Wednesday, April 10, 2019

What is the single best day trading indicator? - Overview of transfer theory ratios and how they work!

As a new or experienced trader, you may be looking for a statistical advantage to gain the upper hand in trading markets. There are hundreds of indicators on the market, but in fact only a few indicators are really effective. Almost every metric fails when back testing and analyzing price data in real time. Obviously, this is something that few people are willing to talk about because there are no other options a few months ago.

Most of the indicators are not working properly because of their design. Most technical analysis today has two problems:

  1. Signal noise
  2. Signal delay or hysteresis

Signal noise is one of the biggest problems in most indicators. The reason is that they are mainly based on the closing price. The closing price changes whenever the symbol rises or falls. As a noisy example of moving averages or indicators such as RSI. If you use a 60-minute bar chart on a symbol that is actively trading, you can easily get thousands of error signals in a bar chart. This is a major problem that technical analysis needs to overcome.

Signal delay is another big problem. Most indicators need to review at least a few bar charts, but this means rebuilding old data. You recall that the farther the signal is stable, the less relevant the indicator is to the current price.
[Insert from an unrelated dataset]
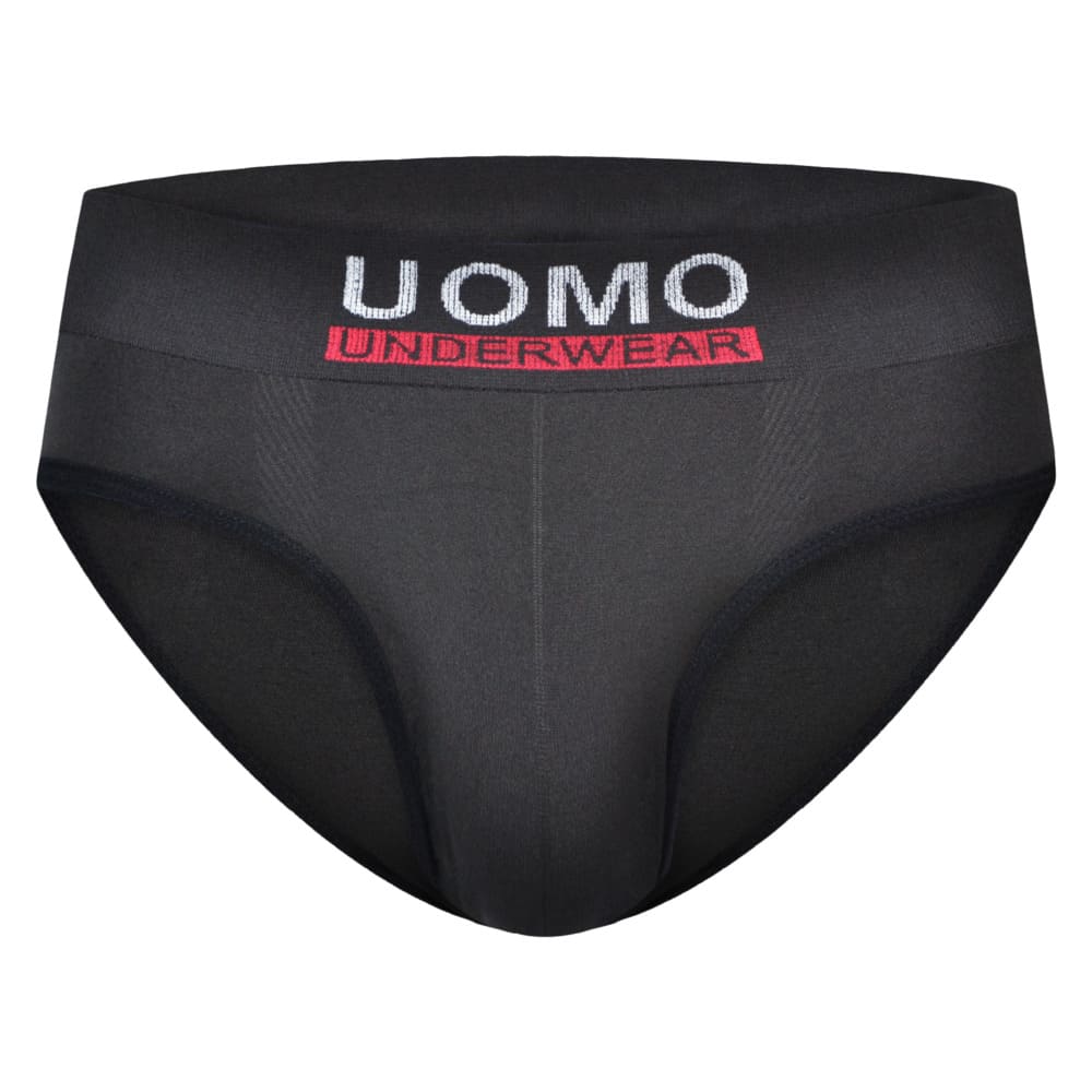 5 Pack zwarte naadloze slips voor heren van Uomo. Deze microfiber slips zijn zeer rekbaar en zitten daardoor heerlijk. Ze zijn gemaakt van 92% polyamide en 8% elastaan. Door de aangeweven elastische band heb je geen last van aftekening van je ondergoed onder je kleding. In de tailleband staat de merknaam ingeweven.

One of the other problems caused by signal lag is the solution to signal noise. Most metrics only allow metrics to be calculated after closing. This removes signal noise, but the signal is subject to extreme hysteresis.
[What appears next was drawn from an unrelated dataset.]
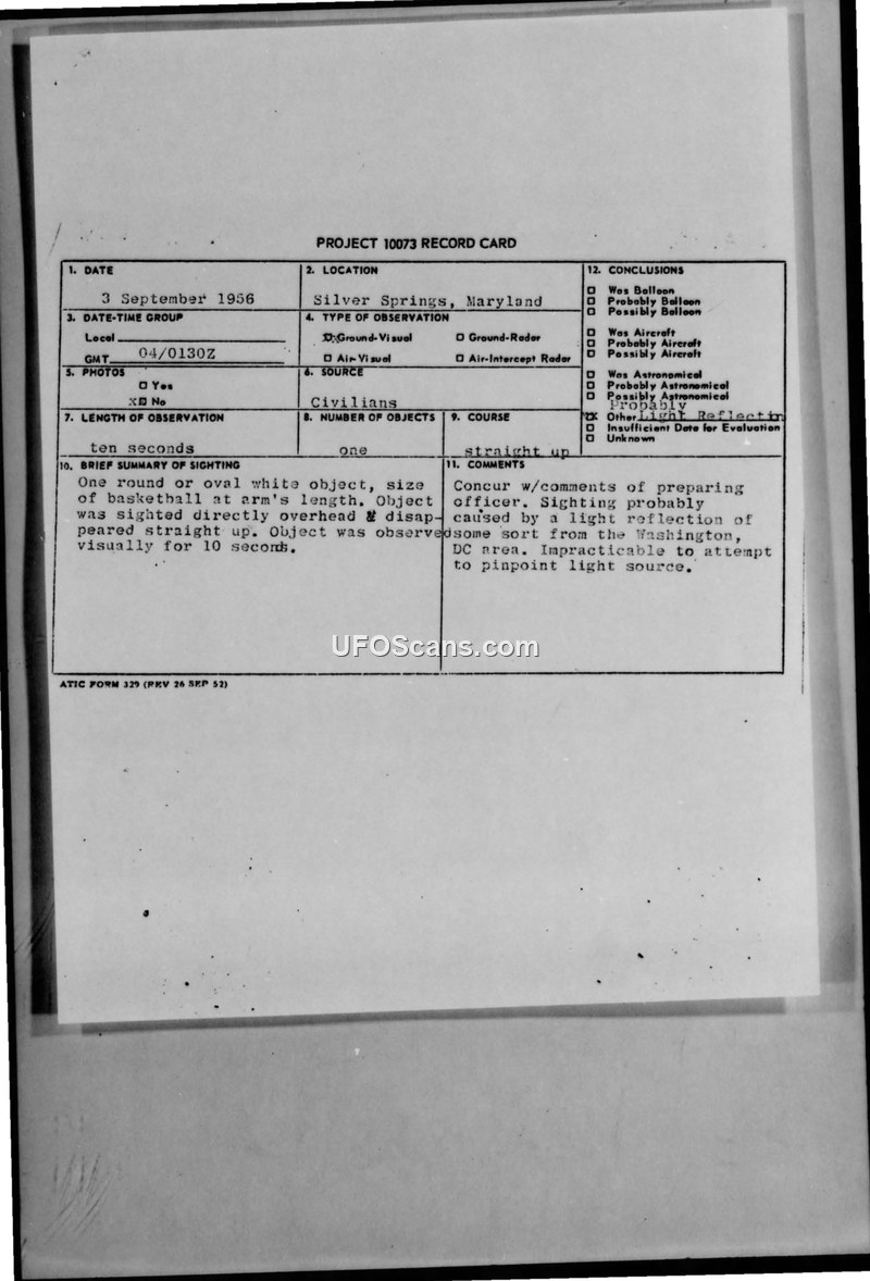 A 1956 report detailing a sighting of a white, basketball-sized object in Silver Spring, Maryland. The Air Force concluded the event was likely a light reflection from the Washington, DC area.

The solution to most technical analysis problems comes from a new class of technical analysis and indicators. These are called conversion theory ratios. What they do is focus on important data and is responsible for creating trends. Some examples of important data are:

  • The upward trending market is usually a series of higher highs and higher lows.
  • Downtrend markets usually have lower lows and lower highs.
  • A high proportion of bars in the choppy market overlap.

Most trends have certain price characteristics, and the current closing price does not determine the trend. For the market, it must create new highs. For a market down, it needs a low. At the same time, most of the closing price data is generating noise.

Ultimately, the conversion theory ratio is the best indicator of day trading because they only focus on important data. Shift Ratios are not only accurate, but also very quiet. The price indication responds only to the bars that form the high, low, and superimposed percentages. All of this data is broken down into lines that are easy to read and color coded as follows.

  • Green = measure trend strength.
  • Red = measure the strength of the downtrend
  • Yellow = The instability is measured by the percentage of strip overlap.